◆ **What you need to do**
In the copy of these records, include no pictures and change nothing else.

◆ **Extracted entries**
::::::::::

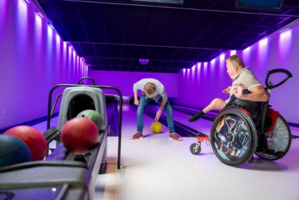 Daarnaast hebben ze ook gelijkvloerse bowlingbanen, waardoor ook kinderen in een rolstoel aan dit leuke spelletje mee kunnen doen. Ze hebben op de bowlingbaan een speciale beugel, waarvan zij de bal af kunnen laten rollen. Ook kunnen kinderen met een lichamelijke beperking hier een potje lasergamen of de zoet- en zoutwateraquaria bewonderen, gaaf!
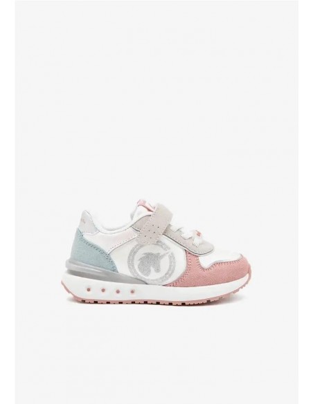 Deportivos multicolor con luces y detalles de unicornio. Una pieza perfecta para sus estilismos más sport. Confeccionadas con material sintético y plantilla interior textil. Su cierre de tira adherente en la parte delantera y sus cordones elásticos permiten una sujeción perfecta y ajustable para los peques. ¡Son muy fáciles de poner y quitar! También cuenta con una suela track de goma contrastada que permite un agarre perfecto y máximo confort.
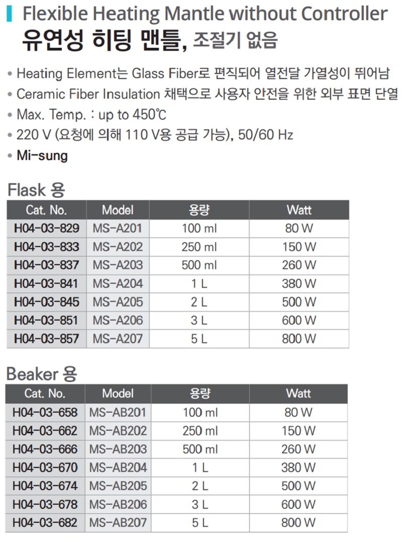 Flask 용| Cat. No | Model | 용량 | Watt |
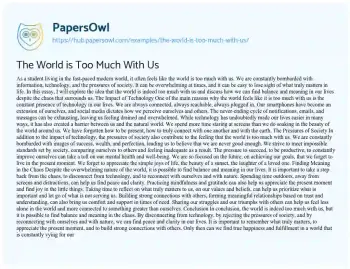 As a student living in the fast-paced modern world, it often feels like the world is too much with us. We are constantly bombarded with information, technology, and the pressures of society. It can be overwhelming at times, and it can be easy to lose sight of what truly matters in life. In this essay, I will explore the idea that the world is indeed too much with us and discuss how we can find balance and meaning in our lives despite the chaos that surrounds us.
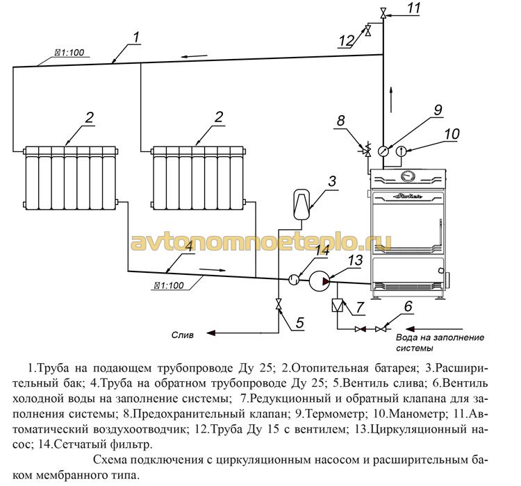 - В случае с принудительной системой отопления монтируется циркуляционный насос. Специалисты, рекомендует сделать обводной участок трубопровода, который в случае поломки насоса возьмёт нагрузку на себя.

::::::::::

◆ **Response area**
 Daarnaast hebben ze ook gelijkvloerse bowlingbanen, waardoor ook kinderen in een rolstoel aan dit leuke spelletje mee kunnen doen. Ze hebben op de bowlingbaan een speciale beugel, waarvan zij de bal af kunnen laten rollen. Ook kunnen kinderen met een lichamelijke beperking hier een potje lasergamen of de zoet- en zoutwateraquaria bewonderen, gaaf!
 Deportivos multicolor con luces y detalles de unicornio. Una pieza perfecta para sus estilismos más sport. Confeccionadas con material sintético y plantilla interior textil. Su cierre de tira adherente en la parte delantera y sus cordones elásticos permiten una sujeción perfecta y ajustable para los peques. ¡Son muy fáciles de poner y quitar! También cuenta con una suela track de goma contrastada que permite un agarre perfecto y máximo confort.
 Flask 용| Cat. No | Model | 용량 | Watt |
 As a student living in the fast-paced modern world, it often feels like the world is too much with us. We are constantly bombarded with information, technology, and the pressures of society. It can be overwhelming at times, and it can be easy to lose sight of what truly matters in life. In this essay, I will explore the idea that the world is indeed too much with us and discuss how we can find balance and meaning in our lives despite the chaos that surrounds us.
 - В случае с принудительной системой отопления монтируется циркуляционный насос. Специалисты, рекомендует сделать обводной участок трубопровода, который в случае поломки насоса возьмёт нагрузку на себя.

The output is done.